↓↓↓
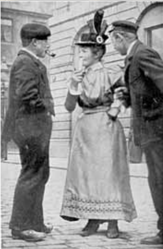
19th Century Aberdeen street scene
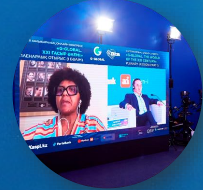
II INTERNATIONAL ONLINE CONGRESS "G-GLOBAL. THE WORLD OF THE XXI CENTURY
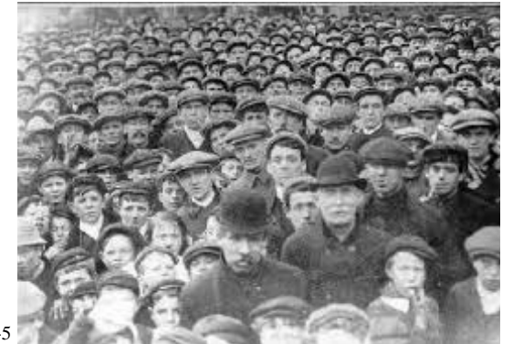
Welsh revival 1904-5
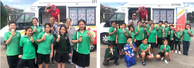
R3 (Last week treat winners.) R25

Whenua: R5 85% and R4 84% Moana: R6B 92% and R17 89% Aorangi: R7 88% and R16 90% Atea: R10 89% and R8 85%
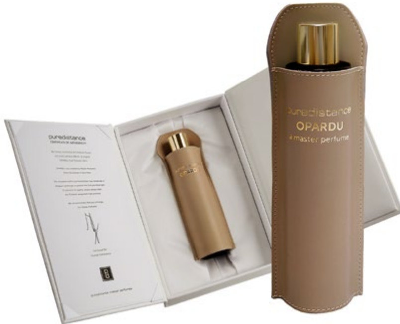
Puredistance OPARDU Perfume - 100 ml
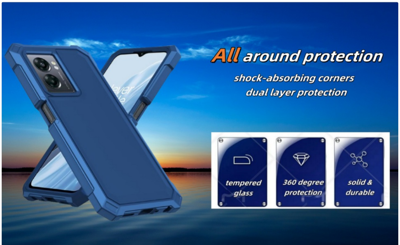
Figure 8: All-Around Protection Features
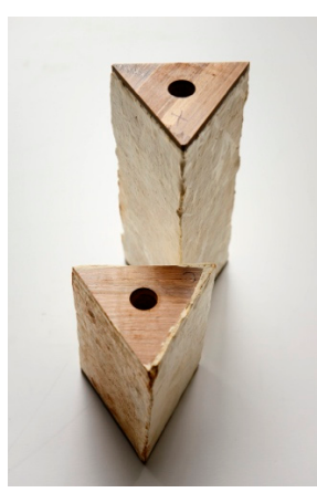
Figure 3. Building elements of MycoTree at FCL, 2017 © Carlina Teteris.

MycoTree's geometry was designed using 3D graphic statics [11], a novel method developed by the BRG that extends the traditional two-dimensional structural design technique to fully spatial systems. Funicular geometry has the advantage that stresses in it are very low. Achieving stability through geometry, rather than through material strength, opens up the possibility of using such weak materials as mycelium. Next to those technological developments, the concentrated work following the prototypological approach required as well an analysis of economic, ecologic, ethical, and psychological parameters of production and use of this new material and construction method (Figures 3 and 4), responding to the expanded view of architectural research Till describes in his treatise.
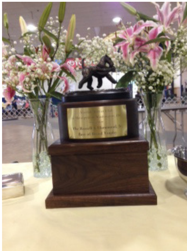
Airedale Terrier Club of Metropolitan Washington, DC The Russell J. Hammond, Jr. Best of Breed Trophy
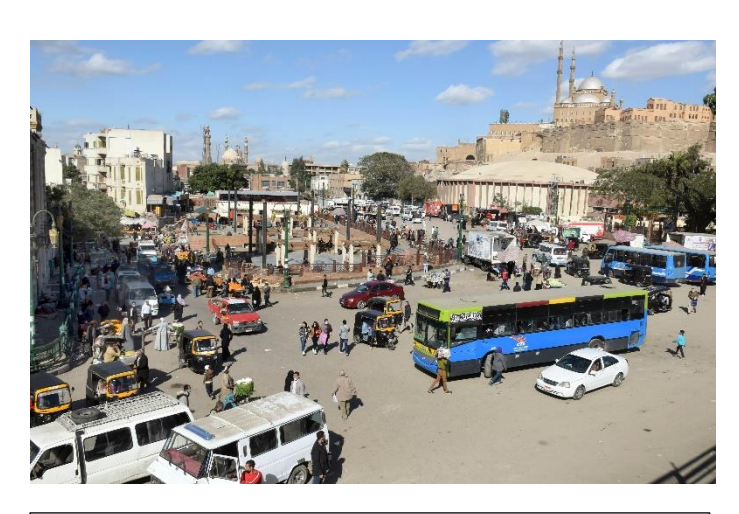
Figure 2, Illustrates the overlap of uses and public transport access to heritage areas, which affects the overall shape of the historic area.
↑↑↑
What is being asked
Print from the line containing "Puredistance OPARDU Perfume - 100 ml" through the line containing "Figure 3. Building" in the data above, exactly as the lines stand, and omit every picture.

Result for this exercise
Puredistance OPARDU Perfume - 100 ml
Figure 8: All-Around Protection Features
Figure 3. Building elements of MycoTree at FCL, 2017 © Carlina Teteris.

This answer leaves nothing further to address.